⟨

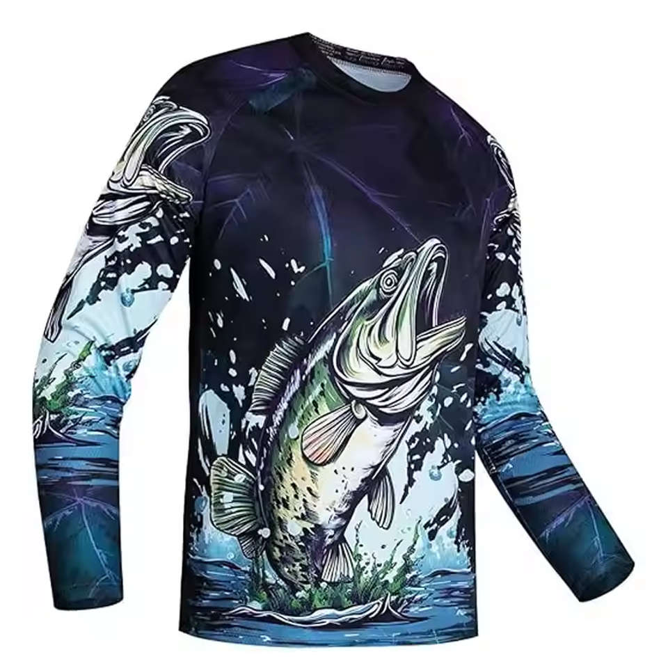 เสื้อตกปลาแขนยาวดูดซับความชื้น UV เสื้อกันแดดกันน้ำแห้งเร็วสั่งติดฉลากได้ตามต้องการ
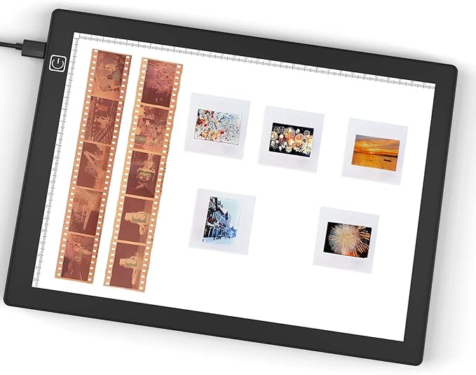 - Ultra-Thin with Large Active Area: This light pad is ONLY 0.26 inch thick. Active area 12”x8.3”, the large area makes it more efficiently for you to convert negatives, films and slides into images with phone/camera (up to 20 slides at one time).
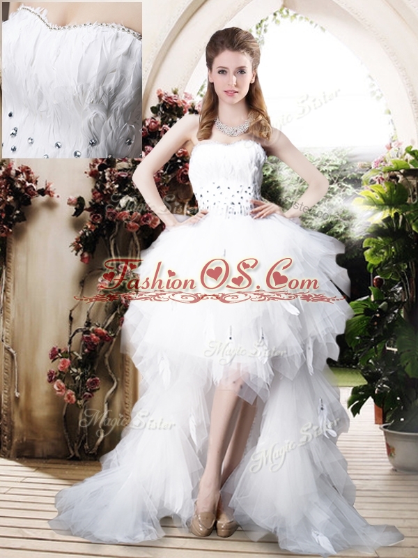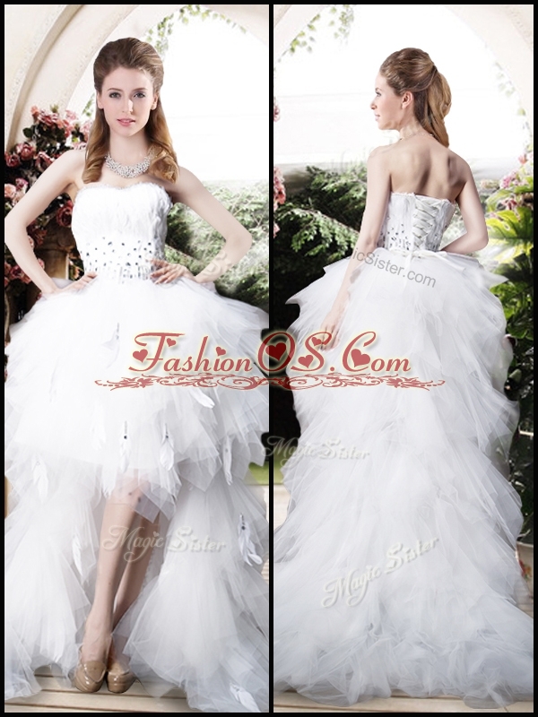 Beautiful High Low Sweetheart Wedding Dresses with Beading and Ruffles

⟩
⟨

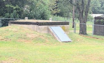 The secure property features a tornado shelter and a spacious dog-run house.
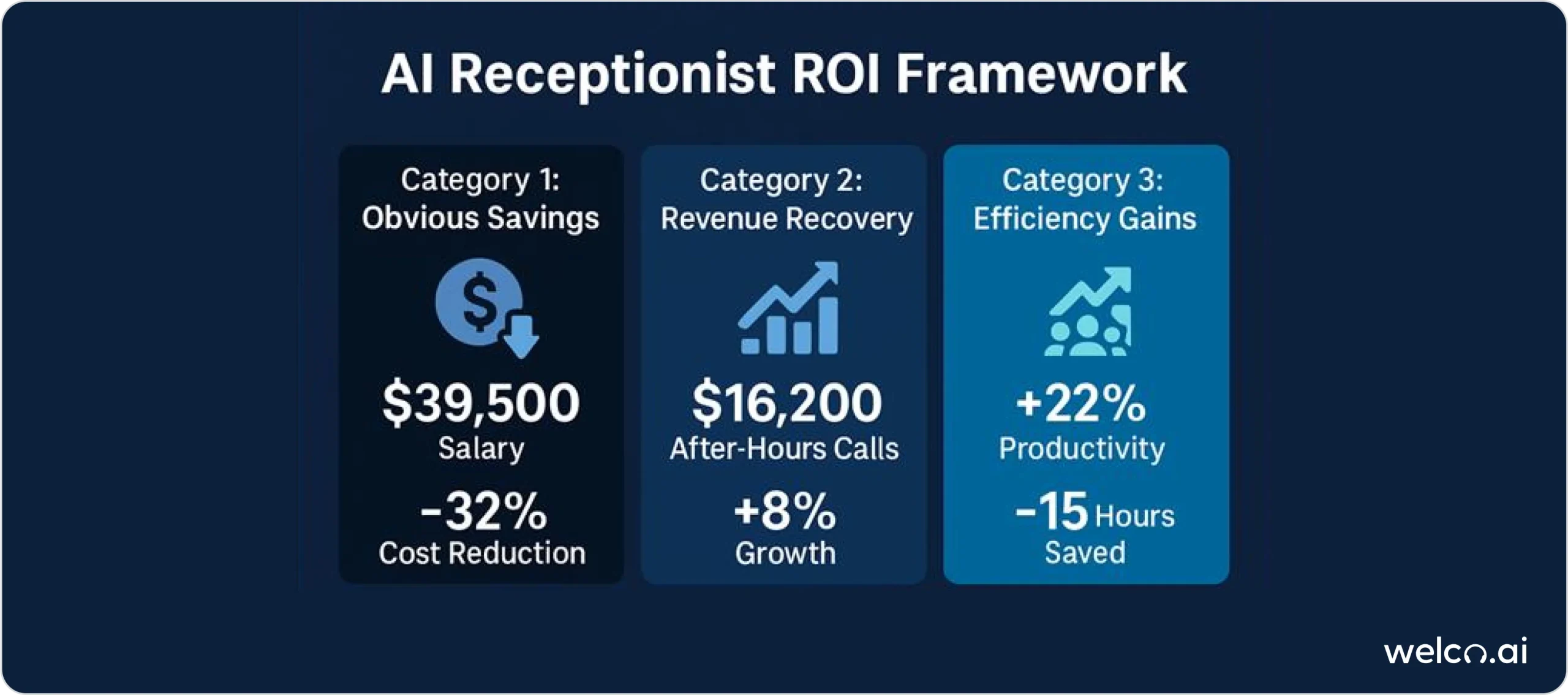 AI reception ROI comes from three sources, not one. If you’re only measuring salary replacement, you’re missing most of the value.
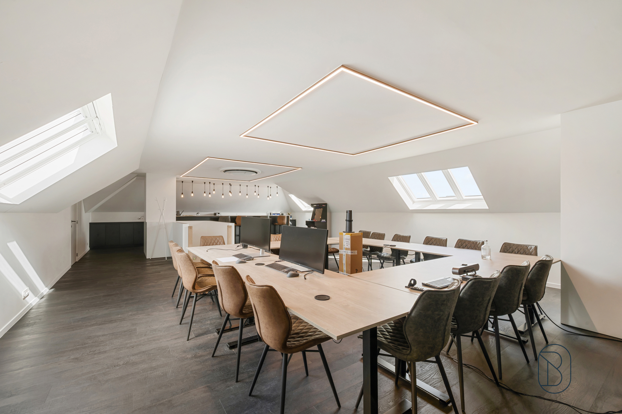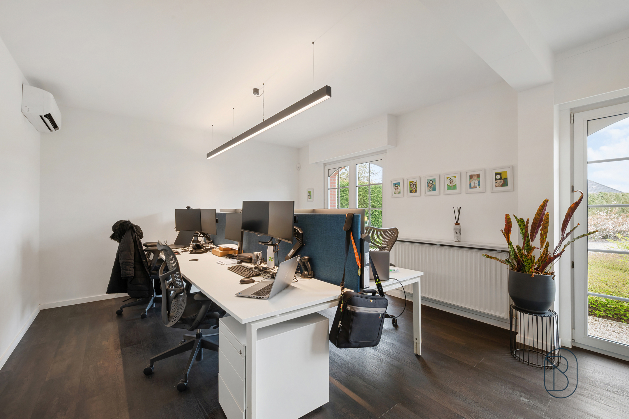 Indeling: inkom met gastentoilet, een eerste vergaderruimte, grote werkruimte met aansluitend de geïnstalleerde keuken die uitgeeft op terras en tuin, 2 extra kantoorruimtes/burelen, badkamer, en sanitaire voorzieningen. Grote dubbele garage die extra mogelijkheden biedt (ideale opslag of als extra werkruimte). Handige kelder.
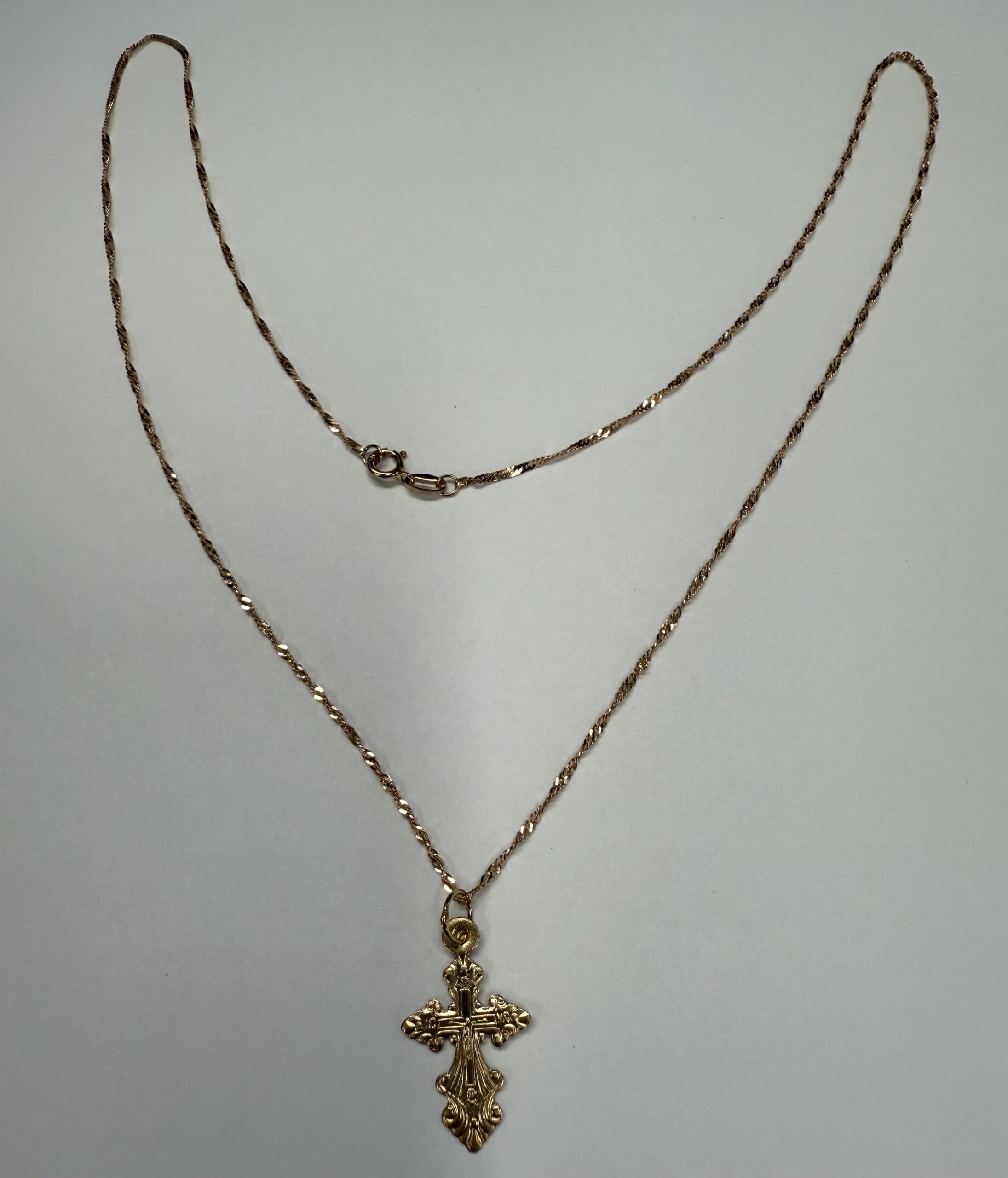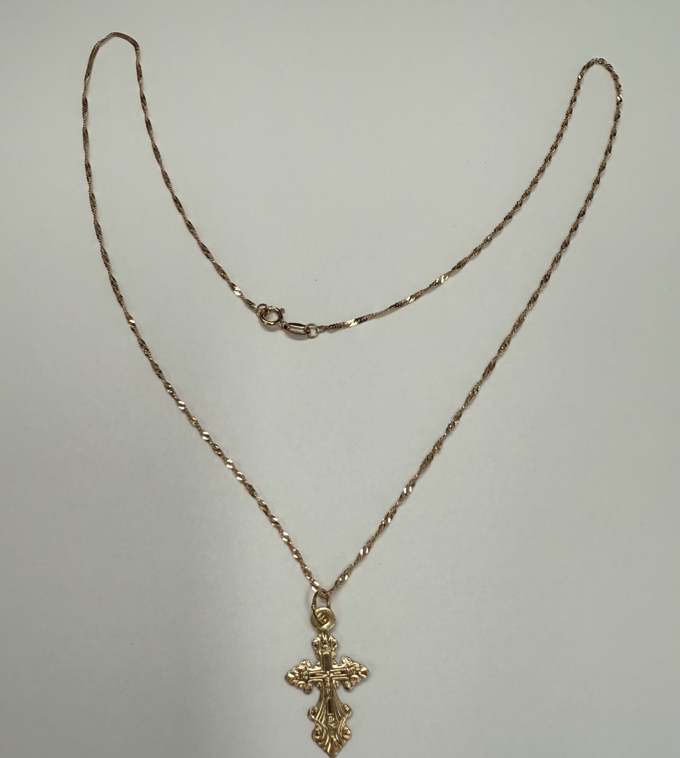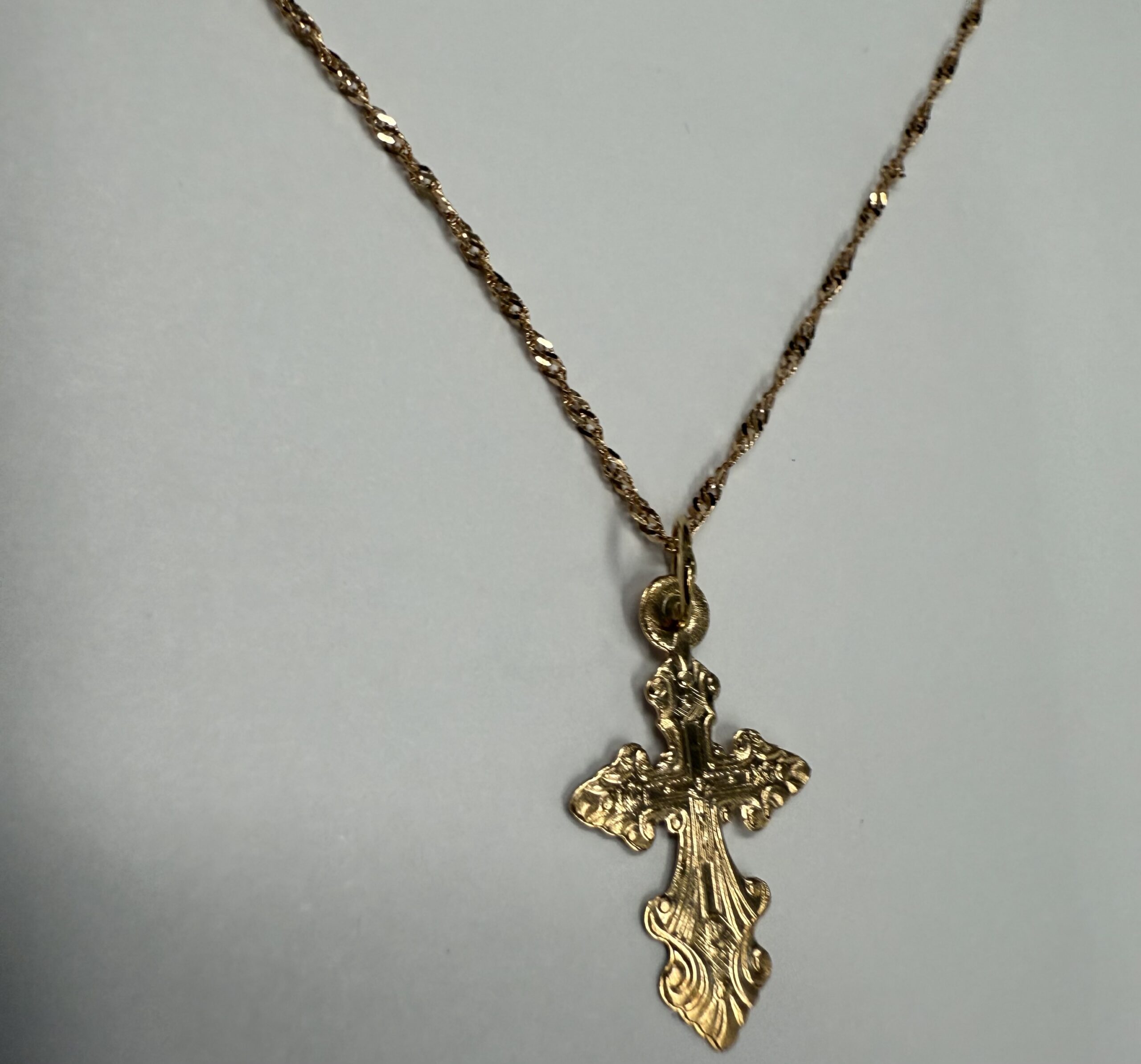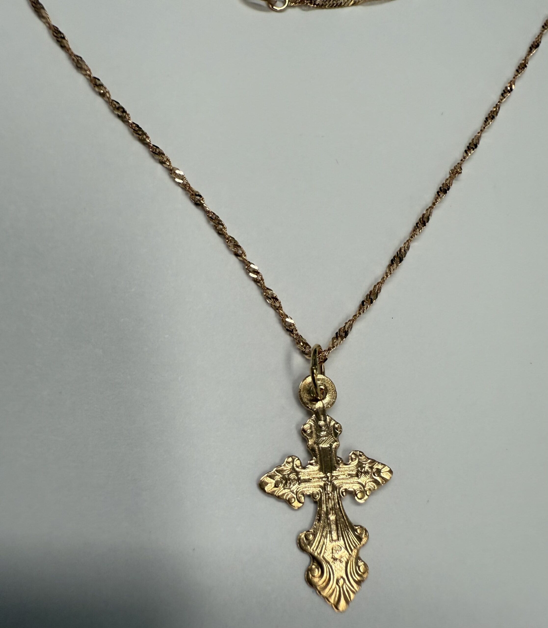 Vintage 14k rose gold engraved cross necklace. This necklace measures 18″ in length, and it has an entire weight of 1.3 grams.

⟩

Look above for the line containing "Indeling: inkom met" and the line containing "Vintage 14k rose", then reproduce both and everything between them exactly, pictures omitted.

#### [Response to this exercise]
 Indeling: inkom met gastentoilet, een eerste vergaderruimte, grote werkruimte met aansluitend de geïnstalleerde keuken die uitgeeft op terras en tuin, 2 extra kantoorruimtes/burelen, badkamer, en sanitaire voorzieningen. Grote dubbele garage die extra mogelijkheden biedt (ideale opslag of als extra werkruimte). Handige kelder.
 Vintage 14k rose gold engraved cross necklace. This necklace measures 18″ in length, and it has an entire weight of 1.3 grams.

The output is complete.